=== Stored data ===
#####

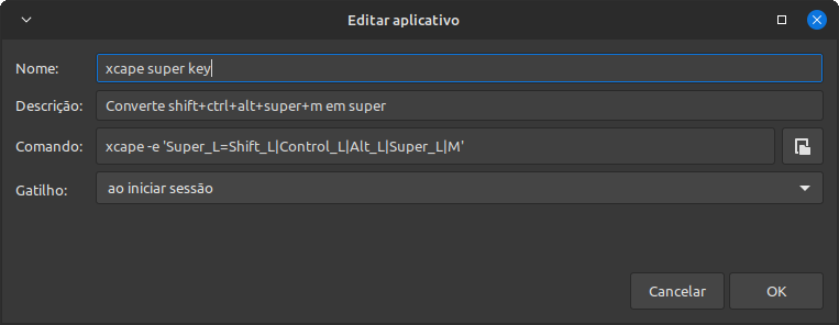 4° - O comando xcape é basicamente um script, então você terá que executar o comando sempre para que ele fique rodando em background. E para evitar que você sempre tenha que rodar este script, abra o aplicativo “Sessão e Inicialização” abra a aba “Início automático de aplicativos” clique em “adicionar” e agora você irá colocar o mesmo comando do passo 3 para rodar sempre que seu sistema inicializar. Deve ficar assim:
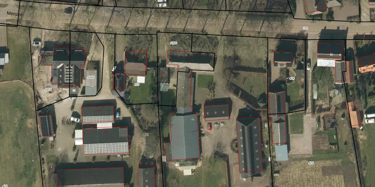 Het perceel waarop Menzel 32-a staat heeft een oppervlakte van 1,6 ha. Dit is een zeer groot perceel. De perceeloppervlakte wordt geregistreerd door het Kadaster. Gedetailleerde informatie over de maten van dit perceel kunt u vinden in het rapport Kadastrale kaart met maatvoering van Menzel 32-a.
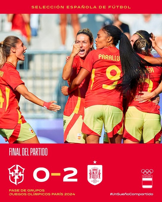 8月1日讯 奥运女足小组赛C组最后一轮,西班牙女足2-0战胜巴西女足。
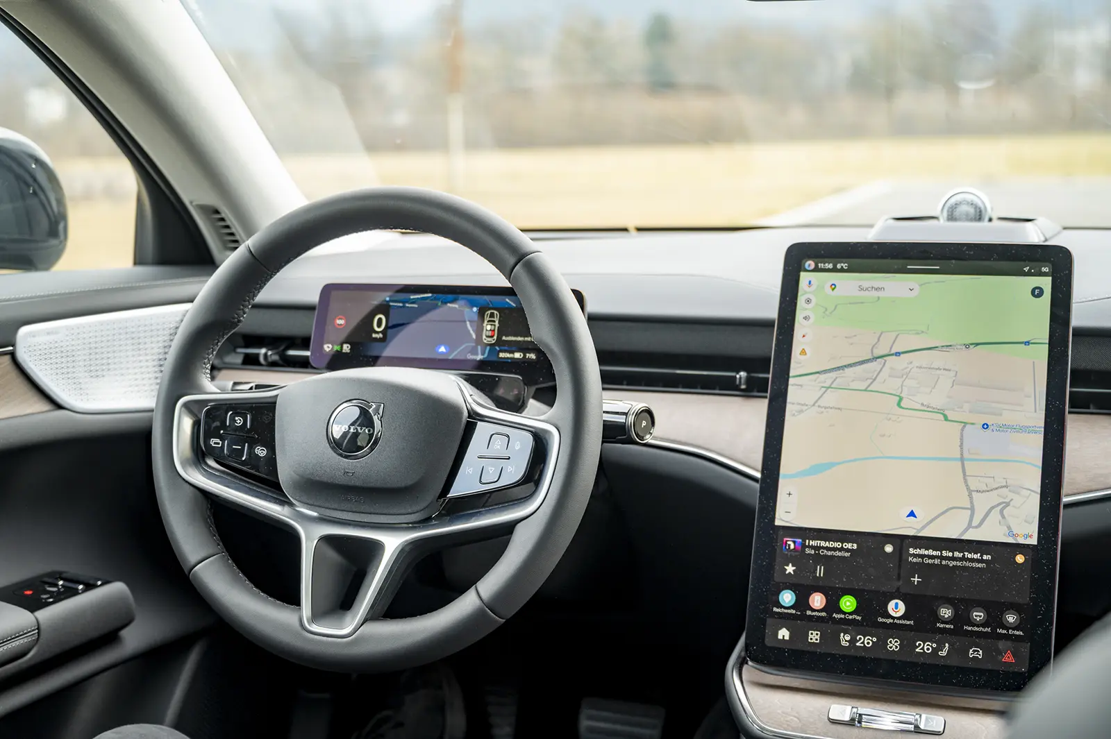 Hat man einmal im ES90 Platz genommen, spürt man sofort, dass es sich hier um ein Auto mit Oberklasseniveau handelt. Wirklich alles mutet sehr hochwertig an. Hinterm Steuer lenkt nicht viel ab, der Blick kann sich aufs Wesentliche konzentrieren. Das aufgeräumte Cockpit bedeutet, dass viele Funktionen über den großen Bildschirm gesteuert werden. Dessen Bedienung verlangt vom Fahrer aber auch, sich schon im Vorfeld ausführlich damit zu beschäftigen. Nicht alles ist so intuitiv, wie man es sich wünschen würde, aber das kennt man auch schon vom kleineren EX30. So ist auch im ES90 etwa das Handschuhfach nur über einen Tastendruck am Display zu öffnen, und auch die Verstellung der Außenspiegel kann etwas fordernd sein.
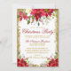 Jul Party Red Poinsettia Blommigt Guld Glitter Inbjudningar
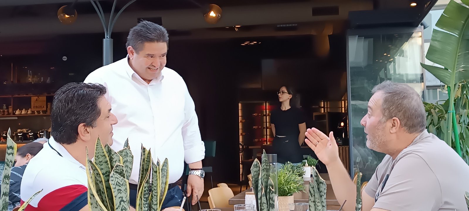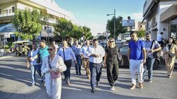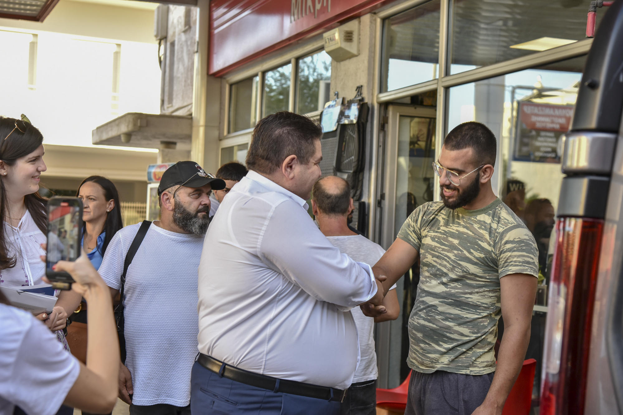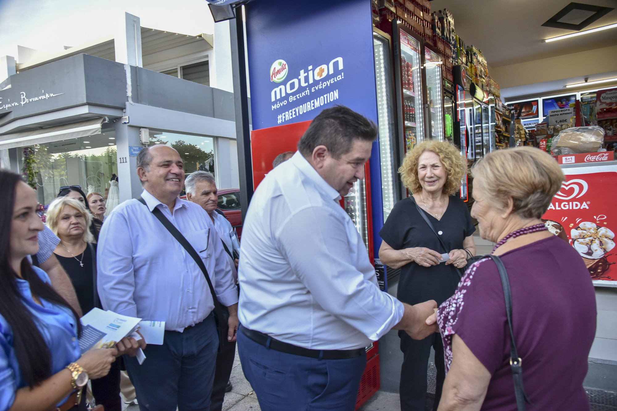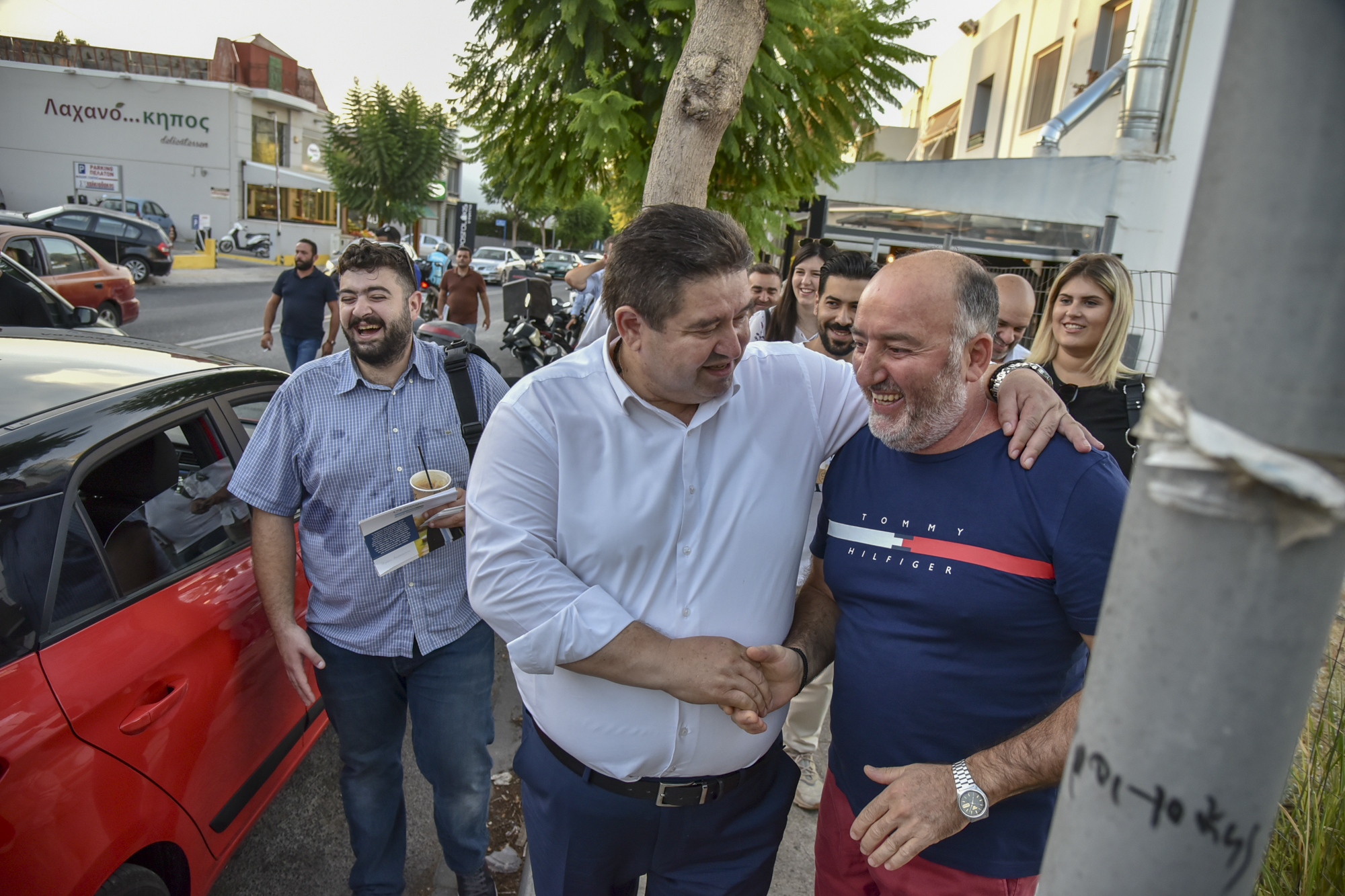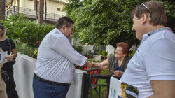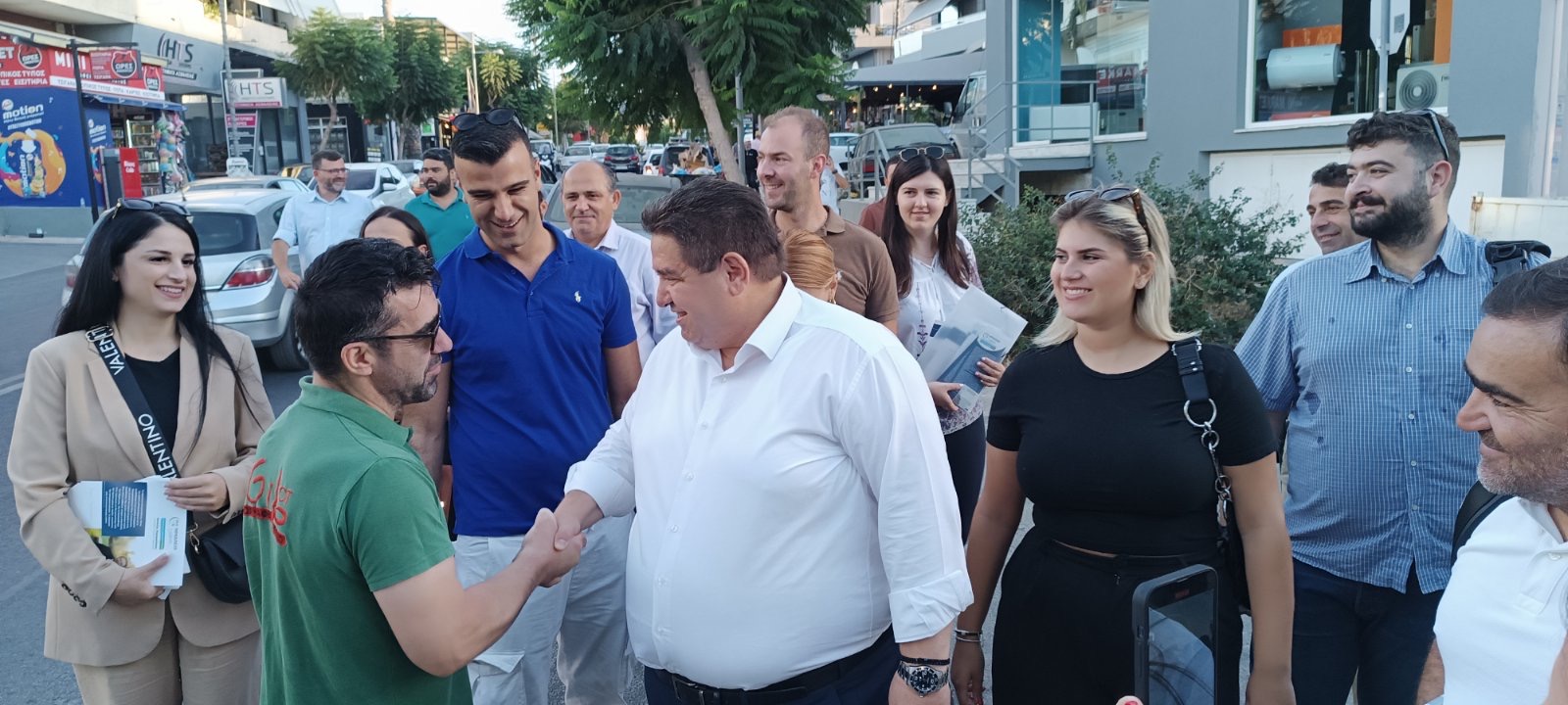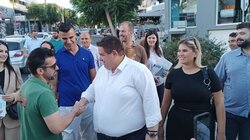 Αρκετός ήταν και ο κόσμος που σταμάτησε για να του ευχηθεί «καλό αγώνα» και «καλή τύχη» στις επερχόμενες αυτοδιοικητικές εκλογές.

#####

=== WHAT IS NEEDED ===
Extract, word for word, each line from the one that contains "Hat man einmal" through the final line of the data above. Leave the pictures out.

=== SOLUTION TO THE EXERCISE ===
 Hat man einmal im ES90 Platz genommen, spürt man sofort, dass es sich hier um ein Auto mit Oberklasseniveau handelt. Wirklich alles mutet sehr hochwertig an. Hinterm Steuer lenkt nicht viel ab, der Blick kann sich aufs Wesentliche konzentrieren. Das aufgeräumte Cockpit bedeutet, dass viele Funktionen über den großen Bildschirm gesteuert werden. Dessen Bedienung verlangt vom Fahrer aber auch, sich schon im Vorfeld ausführlich damit zu beschäftigen. Nicht alles ist so intuitiv, wie man es sich wünschen würde, aber das kennt man auch schon vom kleineren EX30. So ist auch im ES90 etwa das Handschuhfach nur über einen Tastendruck am Display zu öffnen, und auch die Verstellung der Außenspiegel kann etwas fordernd sein.
 Jul Party Red Poinsettia Blommigt Guld Glitter Inbjudningar
 Αρκετός ήταν και ο κόσμος που σταμάτησε για να του ευχηθεί «καλό αγώνα» και «καλή τύχη» στις επερχόμενες αυτοδιοικητικές εκλογές.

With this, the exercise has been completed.